Penentuan kadar lemak tubuh dapat dilakukan dengan berbagai cara: indeks
massa tubuh, antropometri (skin-fold thickness), densitometri (underwater weighing),
Computed Tomography (CT) atau Magnetic Resonance Imaging (MRI), dan
electrical impedance (Flier & Maratos, 2011). Pengukuran yang paling mudah dan paling sering dilakukan adalah indeks massa tubuh, yaitu menghitung berat badan
dalam kilogram (kg) dibagi dengan tinggi badan dalam meter kuadrat (m2).
Penggolongan kurus (underweight), normal, berat badan berlebih (overweight), dan kegemukan (obesity) dapat ditentukan lewat indeks massa tubuh. Seiring dengan perkembangan pengetahuan dan perubahan gaya hidup serta faktor lain, peneliti
mulai mencari nilai standardisasi dalam menentukan batas-batas tersebut sesuai
dengan daerahnya. Misalnya, menurut National Heart, Lung, and Blood Institute
(2012), secara global, seseorang dikatakan obesitas jika memiliki indeks massa tubuh
antara 30,0-39,9. Sedangkan menurut Yajnik & Yudkin (2004), pada wilayah Asia
25-29,9. Departemen Kesehatan di Indonesia menggunakan batas obese ≥ 27 kg/m 2 (Badan Penelitian dan Pengembangan Kesehatan, 2007).
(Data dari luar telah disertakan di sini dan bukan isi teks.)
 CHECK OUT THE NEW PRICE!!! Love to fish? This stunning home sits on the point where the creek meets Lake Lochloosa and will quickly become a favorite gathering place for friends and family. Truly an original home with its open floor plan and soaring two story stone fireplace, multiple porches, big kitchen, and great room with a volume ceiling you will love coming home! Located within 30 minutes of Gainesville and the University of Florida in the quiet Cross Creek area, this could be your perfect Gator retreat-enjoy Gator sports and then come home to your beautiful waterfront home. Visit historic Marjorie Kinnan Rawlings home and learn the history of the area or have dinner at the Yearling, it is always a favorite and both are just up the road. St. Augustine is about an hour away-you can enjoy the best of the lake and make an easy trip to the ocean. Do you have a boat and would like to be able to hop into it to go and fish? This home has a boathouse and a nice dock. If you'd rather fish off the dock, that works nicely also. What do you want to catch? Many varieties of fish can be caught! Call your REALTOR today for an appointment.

Beberapa faktor penyebab kelebihan berat badan antara lain: peningkatan
pemasukan energi, penurunan pengeluaran energi, pengaruh lingkungan dan
adat-istiadat, dan turunan (Kopelman & O’Rahilly,2003). Konsumsi makanan yang tinggi
lemak dan teknologi yang semakin canggih mempengaruhi aktivitas hidup manusia.
Penelitian yang dilakukan oleh Taheri, Lin, Austin, Young & Mignot (2004) didapati
bahwa durasi tidur yang pendek (rata-rata tidur 6,8 jam per hari) menyebabkan
penurunan hormon leptin, peningkatan hormon ghrelin, dan peningkatan indeks
massa tubuh. Peningkatan hormon ghrelin merangsang keinginan untuk makan,
sedangkan leptin mengisyaratkan hipotalamus bahwa simpanan energi sudah cukup.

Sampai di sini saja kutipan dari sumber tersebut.